Search code examples
python-3.xscikit-learngaussiankernel-density

sklearn KernelDensity score_samples giving values greater than 0


I am using sklearn KernelDensity function to estimate density and then evaluate pdf at some points using score_samples function but the values returned by the score_samples function are much greater than 0 which shouldn't be the case because as per documentation it returns log(density) [Documentation: The array of log(density) evaluations. These are normalized to be probability densities, so values will be low for high-dimensional data.]

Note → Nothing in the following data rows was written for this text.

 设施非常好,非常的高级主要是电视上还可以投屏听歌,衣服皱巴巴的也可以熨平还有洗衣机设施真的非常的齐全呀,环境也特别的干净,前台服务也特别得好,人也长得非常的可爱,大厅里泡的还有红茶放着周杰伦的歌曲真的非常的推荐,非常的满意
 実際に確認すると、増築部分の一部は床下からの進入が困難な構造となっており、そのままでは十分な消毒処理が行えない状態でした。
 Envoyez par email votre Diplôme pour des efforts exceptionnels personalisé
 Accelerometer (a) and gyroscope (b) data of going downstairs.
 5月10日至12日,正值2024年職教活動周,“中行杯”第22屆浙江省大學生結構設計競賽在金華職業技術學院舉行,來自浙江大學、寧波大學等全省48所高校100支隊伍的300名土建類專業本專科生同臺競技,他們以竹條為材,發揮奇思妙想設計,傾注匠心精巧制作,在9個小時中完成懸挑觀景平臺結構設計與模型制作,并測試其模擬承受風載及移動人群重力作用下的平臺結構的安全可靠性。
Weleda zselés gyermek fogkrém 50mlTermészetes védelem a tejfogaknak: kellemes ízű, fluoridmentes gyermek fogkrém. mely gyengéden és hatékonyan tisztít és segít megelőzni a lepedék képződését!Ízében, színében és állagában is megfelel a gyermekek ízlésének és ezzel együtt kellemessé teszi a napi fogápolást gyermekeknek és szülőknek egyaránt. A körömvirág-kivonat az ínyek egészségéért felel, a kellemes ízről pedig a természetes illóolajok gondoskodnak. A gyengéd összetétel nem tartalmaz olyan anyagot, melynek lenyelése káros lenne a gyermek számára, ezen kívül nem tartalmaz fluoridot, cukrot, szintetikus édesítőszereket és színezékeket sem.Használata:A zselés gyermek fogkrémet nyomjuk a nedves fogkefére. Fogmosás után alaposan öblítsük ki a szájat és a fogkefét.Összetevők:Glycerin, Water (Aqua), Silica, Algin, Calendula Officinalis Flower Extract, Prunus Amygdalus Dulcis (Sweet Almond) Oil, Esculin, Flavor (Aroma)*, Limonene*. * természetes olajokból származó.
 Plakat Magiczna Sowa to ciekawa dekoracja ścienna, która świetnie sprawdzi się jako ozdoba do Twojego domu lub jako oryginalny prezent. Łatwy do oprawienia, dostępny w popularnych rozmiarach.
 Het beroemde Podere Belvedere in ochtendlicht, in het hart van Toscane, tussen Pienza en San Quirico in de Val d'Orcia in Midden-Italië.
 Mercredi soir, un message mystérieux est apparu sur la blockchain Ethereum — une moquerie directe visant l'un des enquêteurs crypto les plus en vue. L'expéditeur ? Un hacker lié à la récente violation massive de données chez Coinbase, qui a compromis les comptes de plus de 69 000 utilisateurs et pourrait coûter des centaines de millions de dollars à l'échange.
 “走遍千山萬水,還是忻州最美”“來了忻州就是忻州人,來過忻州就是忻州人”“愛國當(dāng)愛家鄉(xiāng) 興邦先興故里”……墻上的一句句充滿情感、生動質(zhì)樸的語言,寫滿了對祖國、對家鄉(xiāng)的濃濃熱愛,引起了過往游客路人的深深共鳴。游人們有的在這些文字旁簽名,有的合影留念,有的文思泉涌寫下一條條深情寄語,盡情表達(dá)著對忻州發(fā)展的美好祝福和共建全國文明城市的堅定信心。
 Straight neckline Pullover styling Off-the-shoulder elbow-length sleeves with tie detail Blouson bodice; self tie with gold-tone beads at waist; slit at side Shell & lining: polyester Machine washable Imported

from sklearn.neighbors.kde import KernelDensity
import numpy as np

data = np.random.normal(0, 1, [50, 10]) #50 data points, dimension=10
data_kde = KernelDensity(kernel="gaussian", bandwidth=0.2).fit(data)
output = data_kde.score_samples(data)

#print(output)
output = array([19.94484645, 19.94484645, 19.94484645, 19.94484645, 19.94484645,
       19.94484645, 19.94484645, 19.94484645, 19.94484645, 19.94484645,
       19.94484645, 19.94484645, 19.94484645, 19.94484645, 19.94484645,
       19.94484645, 19.94484645, 19.94484645, 19.94484645, 19.94484645,
       19.94484645, 19.94484645, 19.94484645, 19.94484645, 19.94484645,
       19.94484645, 19.94484645, 19.94484645, 19.94484645, 19.94484645,
       19.94484645, 19.94484645, 19.94484645, 19.94484645, 19.94484645,
       19.94484645, 19.94484645, 19.94484645, 19.94484645, 19.94484645,
       19.94484645, 19.94484645, 19.94484645, 19.94484645, 19.94484645,
       19.94484645, 19.94484645, 19.94484645, 19.94484645, 19.94484645])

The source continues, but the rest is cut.